Last year I got a bug report that Citation.js was not working when built in a Next.js production environment for unclear reasons. Next.js is a popular server framework to make web applications with React, and by default transforms all JavaScript files and their dependencies into “chunks” to improve page load times. In production environments, Next.js uses the Rust-based “Speedy Web Compiler” SWC to optimize and minify JavaScript code.
I was able to figure out that somewhere, this process transformed an already difficult-to-grok function (makeRegExp
) in the citeproc
dependency into actually broken code. After some trial and error I found the following MCVE (Minimal Complete Verifiable Example):
function foo (bar) {
var bar = bar.slice()
return bar
}
foo(["bar"])
// equivalent to
function foo (bar) {
var bar // a no-op in this case, apparently
bar = bar.slice()
return bar
}
foo(["bar"])
But then, in the chunks generated by Next.js, the argument bar
gets optimized away from foo()
, generating the following code (it also inlines the function).
var bar;
bar = bar.slice();
Now, this is a simple mistake to make. If you expect var bar
to actually re-declare the bar
argument, the argument is clearly unused and can be removed. Due to the quirks of JavaScript that is not the case though, and the incorrect assumption leads to incorrect code.
This is not a one-off thing though: last August I got another, similar bug report with the same cause: some slightly non-idiomatic code (CSL.parseXml
) from citeproc
got mis-compiled by SWC. I found another MCVE:
function foo (arg) {
const a = { b: [] }
const c = [a.b]
c[0].push(arg)
return a.b[0]
}
The compiler misses that c[0]
refers to the same object as a.b
and thinks that makes the function a no-op, though it does not optimize it away fully, instead producing the following:
function (n) {
return [[]][0].push(n), [][0]
}
This was apparently already noticed and fixed last May though the SWC patch still has to land in a stable version of Next.js. Interestingly, the patch includes a test fixture that uses CSL.parseXml
as example code; apparently citeproc
is a good stress-test of JavaScript compilers.

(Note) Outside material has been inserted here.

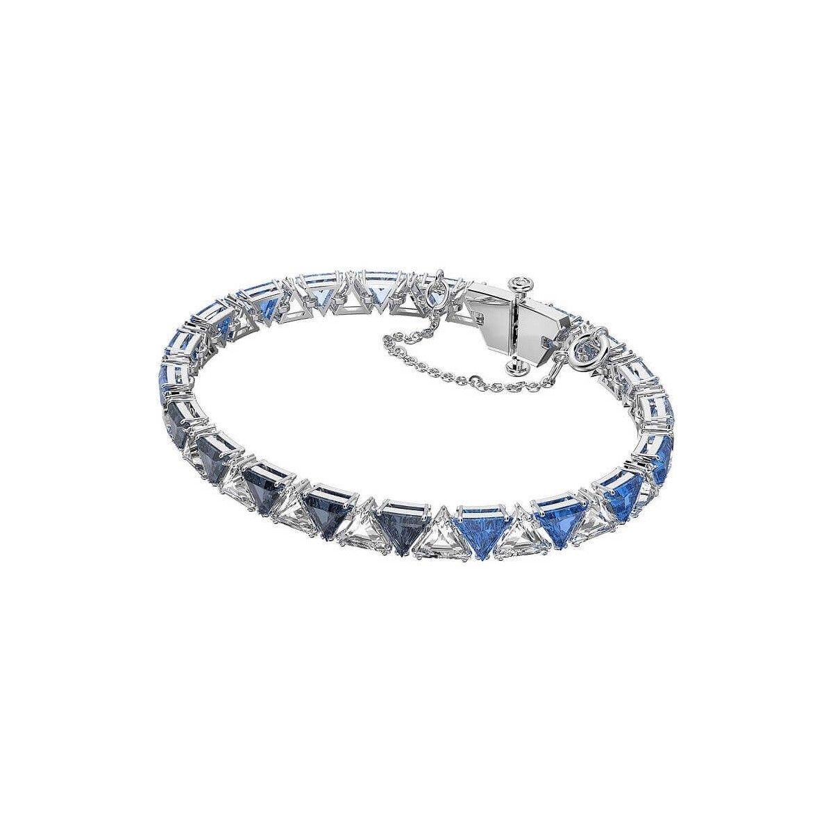 Bracciale da donna Swarovski, della collezione Millenia Ortyx, realizzato in metallo con un elegante placcatura rodiata e serie di cristalli dal taglio triangle di colore azzurro e blu che rendono questo bracciale unico ed originale. Chiusura con gancio ad W.

This is all fine with me, I am not going to blame the maintainers of a complex open-source project like SWC for occasional bugs. However, I would like to see a popular framework like Next.js, with 6.5 million downloads per week and corporate backing, to do more testing for such essential parts of their infrastructure. I also do not see them among the sponsors of SWC.
Edited 2024-10-15 at 17:26: Actually, the creator for SWC is also a maintainer for Next.js, though I do not know in which order. Given that, it makes more sense that they switched away from the well-tested but slower BabelJS in version 12, and more confusing why they did not test it a bit more thoroughly.